Итак, то, что случилось, было естественно и неизбежно. На пушкинском торжестве должна была одержать верх та партия, которая во всё продолжение последних тридцати лет питала и исповедовала поклонение Пушкину, и Достоевский, самый важный и деятельный представитель этой партии, должен был получить венок первенства, как то, что ему принадлежало по всем правам и заслугам.

Надеюсь, я верно рассказал историю, которой был свидетелем. Другое истолкование едва ли возможно ей дать – и из моего рассказа, может быть, станет понятно читателям, почему я испытывал большую радость. Всё еще исполненный торжественным волнением праздника и мыслями о его значении, я повторял про себя милые слова А. Н. Островского, сказанные им на обеде 7‑го июня: «Будем веселиться – сегодня на нашей улице праздник!» Чем кто больше любил русскую литературу, и следовательно Пушкина, тем больше ему и досталось радости на этом торжестве.

Но на речь Достоевского и можно, и следует взглянуть еще с другой стороны.
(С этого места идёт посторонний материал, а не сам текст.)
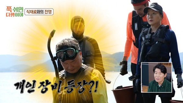 MBC‘푹쉬면다행이야’MBC‘푹쉬면다행이야’[뉴스엔유경상기자]안유성셰프가한국바다셰프협회회장이라며남다른장비를자랑했다.10월20일방송된MBC‘푹쉬면다행이야’(이하‘푹다행’)에서는NEW셰프군단안유성,이모카세,파브리셰프와미미,강재준,유희관이무인도레스토랑직원이됐다.직접물에들어가식재료를공수하는시간에유희관이안유성을보고“명장님뭐하시는거냐”며놀랐다.미미도“명장님장비가?”라며개인장비당장에당황했다.안유성은“제가누구냐.한국바다셰프협회회장”이라고말했고,실제로그런협회가존재한다는데안정환이“농담인줄알았다”며웃었다.안유성은“제가바다를너무좋아해서도수물안경까지맞췄다”며“25만원주고안경에도수맞춰서직접구매했다”고도수물안경도자랑했다.안유성은“전문스킨스쿠버에게물어봐서준비를단단히하고왔다”며탁월한준비성과자신감을드러냈지만정작물에들어가서는크게성과를보이지못하는모습으로웃음을줬다.안유성이소라하나를잡고“저는시야가너무좋으면잘안보이더라.더듬더듬하는편인데.제가활동하던바다가아니라서그런지”라며변명을늘어놓자붐이“무슨소리를하는거냐”고반응해웃음을더했다.(사진=MBC‘푹쉬면다행이야’캡처)뉴스엔유경상yooks@기사제보및보도자료[email protected]ⓒ뉴스엔.무단전재&재배포금지Copyright©뉴스엔.무단전재및재배포금지.

Зажигающее действие этой речи много зависело от того, что на ней лежит печать особенного настроения, свойственного Достоевскому. Именно тут сказалась его широкая способность всему симпатизировать, его уменье примирять в себе, по-видимому, несогласимые настроения, его стремление ничего не отвергать, ничего не исключать безусловно и оставаться верным в любви к тому, что раз он полюбил.
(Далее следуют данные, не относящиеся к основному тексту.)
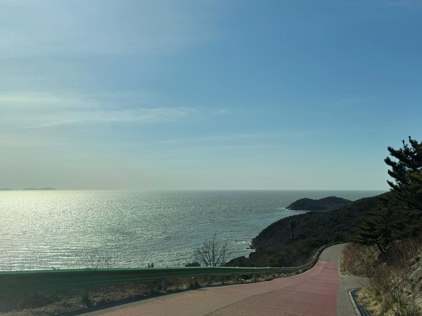 길이 산으로 이어져 있어 살짝 당황했는데요. 산을 넘어가면 짜~잔~~ 넓게 펼쳐진 바다가 보인답니다. 언덕을 내려가면서 멋진 풍경에 우와~를 연발했는데요. 사진으로 담지 못해 아쉬울 정도랍니다.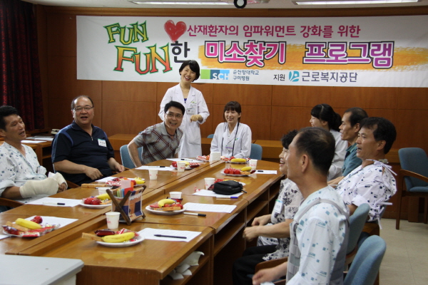 순천향병원은 지난해 ‘산재환자의 임파워먼트 강화를 위한 뻔뻔(fun fun)한 미소찾기’를 주제로 자기애와 긍정적 의식을 강화할 수 있도록 웃음치료, 원예치료, 작업치료, 레크레이션, 개별면담 등 다양한 프로그램으로 2010년 전국 최우수기관으로 선정되는 영예를 안았다.

Можно вообще сказать, что с него можно брать пример в двух отношениях: он не только может быть образцом истинного консерватора, но и образцом того, как следует нам держать себя в отношении к тому, с чем мы враждуем, что считаем ложным и гибельным. По направлению, по духу он самый широкий из современных писателей, и потому естественна его любовь к самому широкому из наших гениев, к Пушкину.
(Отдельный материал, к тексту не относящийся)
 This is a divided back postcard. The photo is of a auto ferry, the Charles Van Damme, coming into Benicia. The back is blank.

Консерватизм, патриотизм часто понимаются как нечто узкое, тупое, глупое. Так оно, конечно, нередко и бывает, потому что это душевное настроение свойственно огромным массам людей, а умы людские вообще слабы и ограниченны. Но это не относится к существу дела, точно так, как, например, глупые ученые или глупые книги, встречающиеся так часто, не составляют возражения против учености и книг вообще. По сущности же, может ли что быть естественнее и правильнее, чем любовь к тому, что нас окружает, и желание сохранить то, что мы любим? Мы и любить учимся на людях близких к нам, и понимать на том умственном содержании, которое сообщается нам сначала. Сердце чуткое, ум чуткий постепенно открывают и усвояют положительную сторону окружающей жизни, то добро, тот свет ума, ту красоту, которые составляют главный нерв всякого человеческого существования, без которых это существование невозможно. А раз что-нибудь полюбивши, раз что-нибудь понявши, глубокая натура уже не забывает этого потом, уже не может этого выкинуть из себя как ненужный сор. Таким образом процесс самый простой и обыкновенный может достигать в одаренных людях самого высокого значения. Люди, мало способные к консерватизму, легко и без следа отвергающие те чувства и мысли, которые некогда в них жили, очевидно, свидетельствуют этим о малой своей чуткости, о слабости своей сердечной памяти. Они обыкновенно увлекаются своею энергиею, и в ней заключается их оправдание; но зло непонимания, презрения, насилия неизбежно примешивается к их деятельности и часто искажает дела, совершаемые во имя благороднейших целей.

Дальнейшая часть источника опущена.